- _THE TASK_: Look through the entries below for the line with "Ring Setting for" and the line with "My Crush Is", then give again exactly those two lines and all lines between them, minus the pictures.

- _DATA SHOWN_:
>>>>>
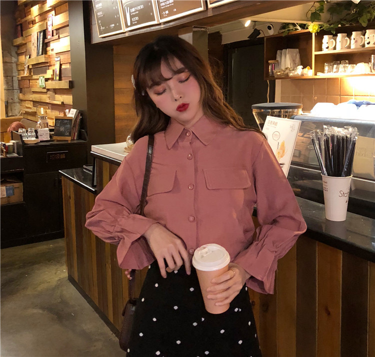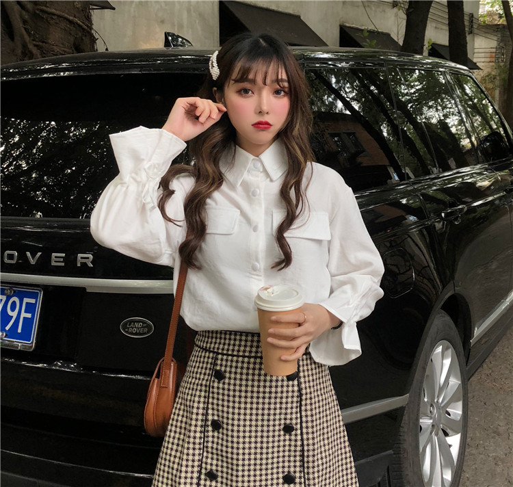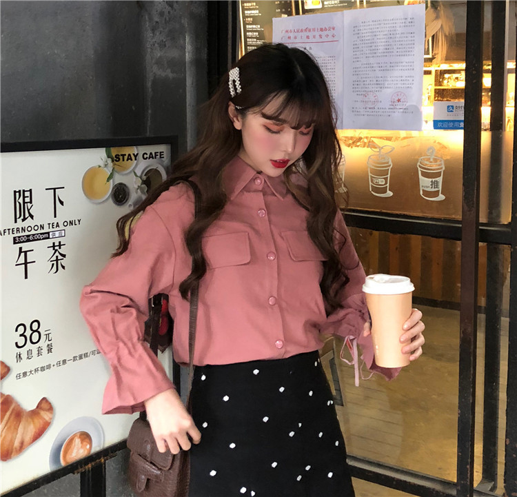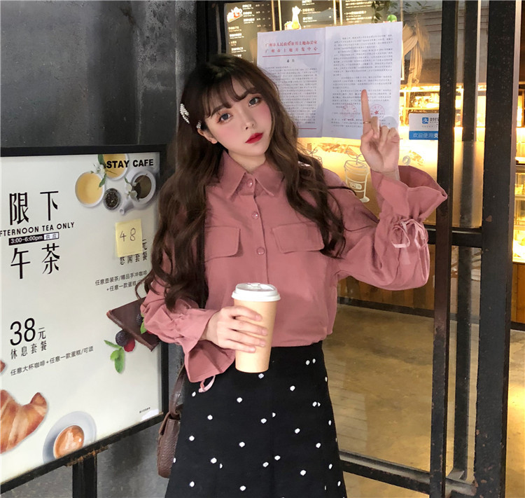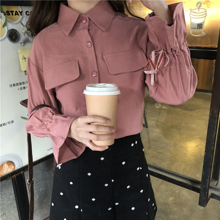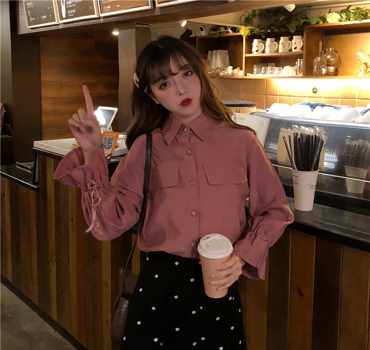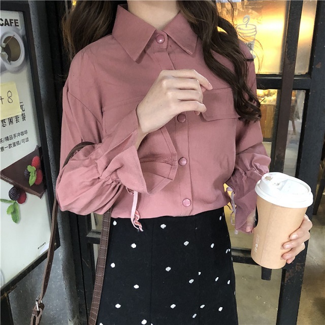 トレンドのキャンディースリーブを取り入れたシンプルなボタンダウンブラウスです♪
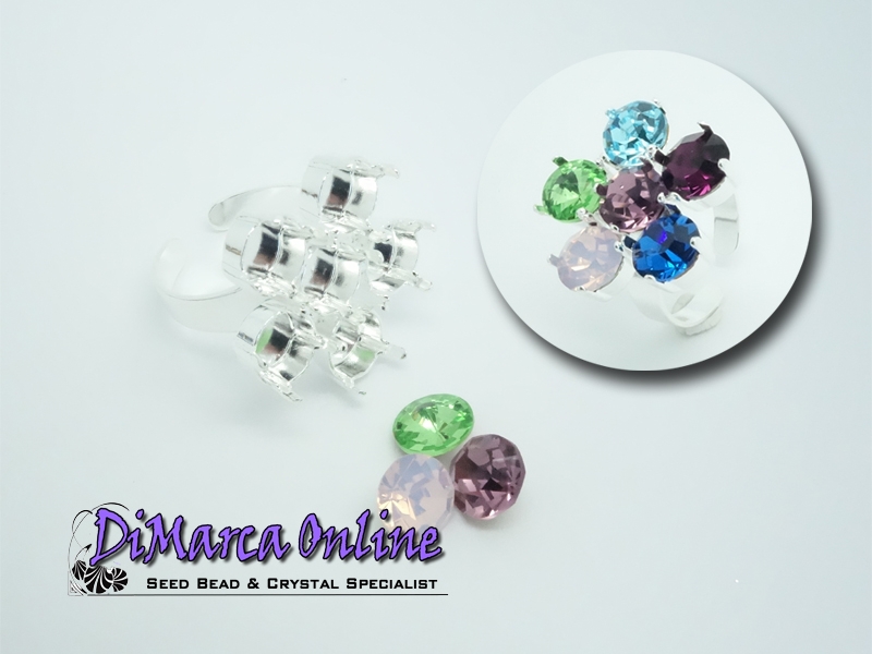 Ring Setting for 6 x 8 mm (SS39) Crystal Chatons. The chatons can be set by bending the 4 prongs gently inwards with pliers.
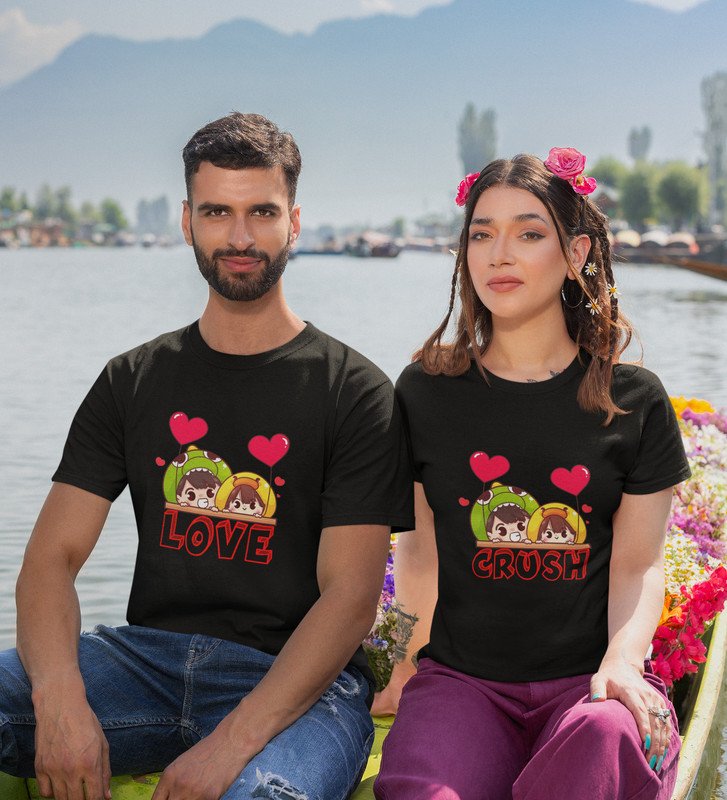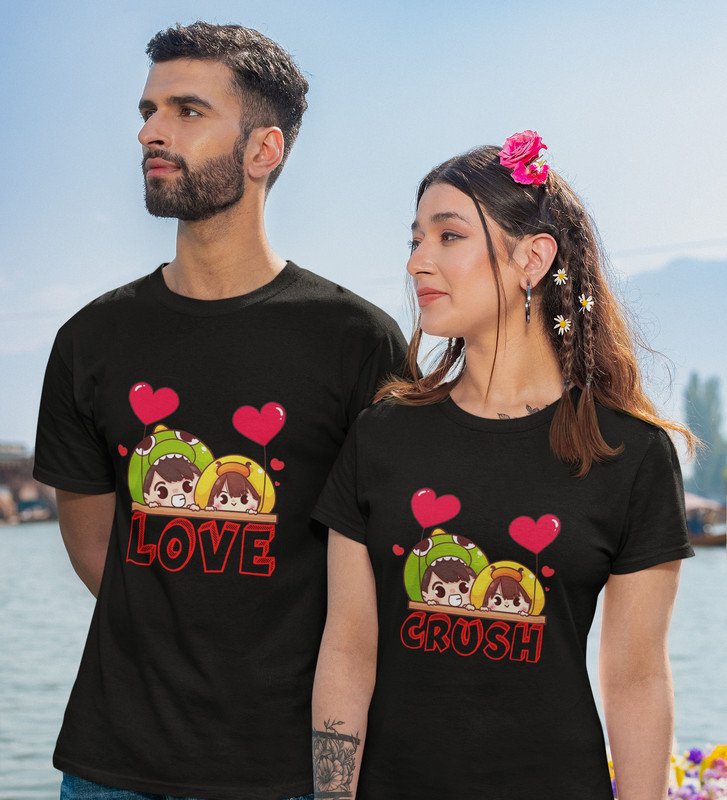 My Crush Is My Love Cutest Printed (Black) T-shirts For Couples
<<<<<
>>>>>
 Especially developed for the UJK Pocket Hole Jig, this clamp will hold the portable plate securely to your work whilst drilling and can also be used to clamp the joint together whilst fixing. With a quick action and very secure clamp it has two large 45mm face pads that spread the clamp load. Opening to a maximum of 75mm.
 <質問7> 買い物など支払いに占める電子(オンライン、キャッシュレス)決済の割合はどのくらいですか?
<<<<<
- _ANSWER FOR THIS EXERCISE_:
 Ring Setting for 6 x 8 mm (SS39) Crystal Chatons. The chatons can be set by bending the 4 prongs gently inwards with pliers.
 My Crush Is My Love Cutest Printed (Black) T-shirts For Couples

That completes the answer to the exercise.